Takeaways: September 2021
September 2021
GREAT EXPECTATIONS: Sixty-five percent of consumers expect CEOs to speak out on social and political issues, even when those issues are not directly related to their company’s business, according to FleishmanHillard’s 2021 Authenticity Gap survey of 10,000 consumers in Brazil, China, Germany, the U.K. and the U.S. conducted in March and April. Fully 72% say CEOs should demonstrate their commitment to DEI efforts, and 73% expect them to support and influence environmental policy change. For the companies they lead to stand out from their competitors, 64% say they also need to talk more about their behavior and its social impact. But in the U.S., “19 of 20 industries are falling short of expectations of better value.” Although the security and privacy of personal data are big concerns for consumers, almost half (45%) say they’ll allow companies to collect their personal information if it means more convenience.
WORTH READING: Barber Conable, a Republican member of Congress and later president of the World Bank, was once voted “most respected” by his Capitol Hill colleagues. Conable, who died in 2003, represented his upstate New York district for 20 years, refusing to accept campaign contributions of more than $50, whether from an individual or a PAC. During his time on the Hill, he kept a detailed diary, which has now been edited by Bill Kauffman and published as The Congressional Journal of Barber B. Conable, Jr., 1968-1984, which George Will says “might be the most illuminating politician’s journal since John Quincy Adams’s, which are read today for their vitriol. Conable’s will be read as a window into the era before polarization extinguished civility.”
BLAME GAME: When caught in a lie, politicians can minimize the damage to their reputation by blaming a subordinate. That’s the conclusion of research published in the Journal of Experimental Political Science, which looked at two cases — one a real-life example from the Donald Trump presidency and the other involving a fictional scenario about a mayor in a fictional town. When Trump said he had no authority to end the separation of families at the Mexican border in 2018, which later proved to be untrue, he was severely criticized for making this false claim. But when he leaned on Homeland Security Secretary Kirstjen Nielsen to justify his policies, “ensnaring her in the falsehood,” the researchers write, “criticism was often directed at Nielsen rather than Trump,” whose reputation among his supporters was unaffected. When Sen. Richard Durbin said “someone in this administration has to accept responsibility” for the policies and the falsehood Trump uttered, Durbin called for Nielsen’s resignation. The fictional mayor lied about funding a school lunch program and blamed the city manager. In both cases, study participants read accounts of the incidents and were asked to evaluate the relative culpability of the actors involved.

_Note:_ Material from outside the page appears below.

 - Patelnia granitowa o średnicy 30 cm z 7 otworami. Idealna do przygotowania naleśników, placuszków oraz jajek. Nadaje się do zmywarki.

In the fictional case, the results were different. The mayor shifted blame to the city manager, but nonetheless paid a “massive 22-point cost in public support.” The difference, the researchers say, is less about Trump than about how well-known an elected official is. The less information citizens have about a leader, the bigger the price that official will pay. “Our research suggests that the more the public focuses on surrogates,” they write, “the easier it is for the executive to avoid blame.” Although the studies “focused on cases of dishonesty, they have implications for politicians going through any negative news cycle. Whether it is an unpopular policy, a scandal, or a reversal from a previously stated position, politicians are incentivized to pretend that the buck stops with anyone but them.”

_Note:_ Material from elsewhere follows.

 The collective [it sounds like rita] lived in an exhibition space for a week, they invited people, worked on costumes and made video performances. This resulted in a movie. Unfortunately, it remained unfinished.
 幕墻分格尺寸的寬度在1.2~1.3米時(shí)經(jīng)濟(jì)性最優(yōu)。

IT’S OUTRAGEOUS: Expressions of moral outrage on Facebook and Twitter have a greater effect on people of politically moderate leanings than on those with more extreme views. Yale University researchers tracked almost 13 million tweets from more than 7,000 users, discovering that once one of them had posted a scathing denunciation of something somebody else said or did, they were then more likely to post similarly appalled statements. The likes, shares and retweets that follow encourage them to do so, according to the research published in the journal Science Advances. While “members of politically extreme networks expressed more outrage than members of politically moderate networks,” the more moderate ones “were actually more influenced by social rewards,” Yale reports. “Our data show that social media platforms do not merely reflect what is happening in society,” one of the researchers says. “Platforms create incentives that change how users react to political events over time.” These incentives take the form of likes, shares and retweets.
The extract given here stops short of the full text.